The Treaty on Principles Governing the Activities of States in the Exploration and Use of Outer Space, including the Moon and Other Celestial Bodies, or by its shorter/friendlier name the Outer Space Treaty, was opened for membership when the the UN General Assembly passed Resolution 2222 in 1966. There are currently 100 state parties to the Treaty (including China, Russia, and the United States) and 27 additional countries have signed but not ratified.
Under the Treaty, it was agreed that:
- outer space is not subject to national appropriation by claim of sovereignty, by means of use or occupation, or by any other means;
- states shall not place nuclear weapons or other weapons of mass destruction in orbit or on celestial bodies or station them in outer space in any other manner;
- the Moon and other celestial bodies shall be used exclusively for peaceful purposes;
- astronauts shall be regarded as the envoys of mankind; and
- states shall avoid harmful contamination of space and celestial bodies.
By meeting the requirements of the Treaty, a country, such as China, can launch their own space station.

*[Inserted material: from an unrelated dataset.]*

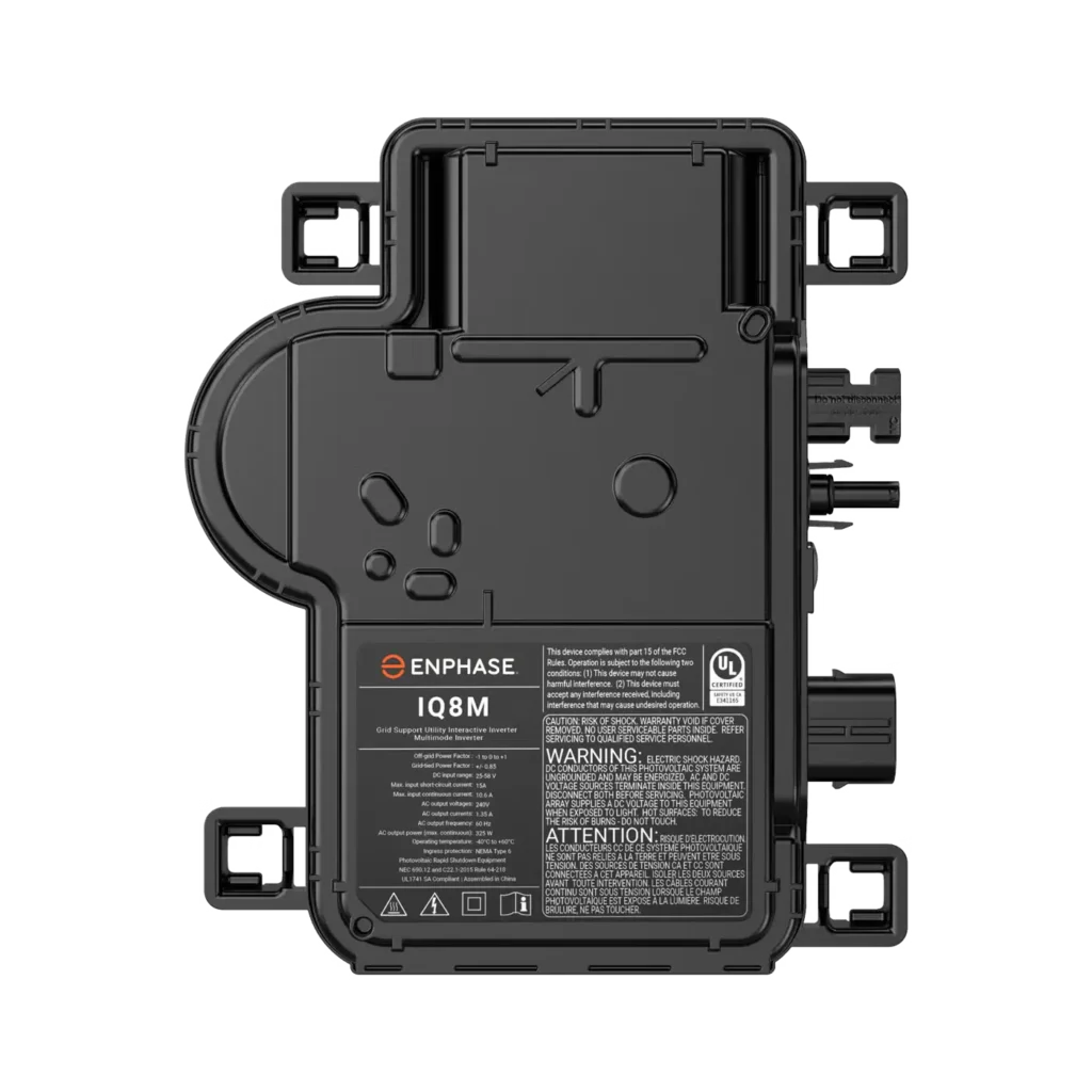 Le micro-onduleur Enphase IQ8M est un convertisseur installé directement sous chaque panneau.

At the stalled Conference on Disarmament, the future of space arms control agreements continues to be a topic during speeches. In 2008, Russia and China proposed a new treaty that would ban weapons from space. With the new National Space Policy that the Obama administration released on June 28, 2010, the United States has indicated a willingness to consider space arms control treaties that are “equitable, effectively verifiable, and enhance the national security of the United States and its allies.”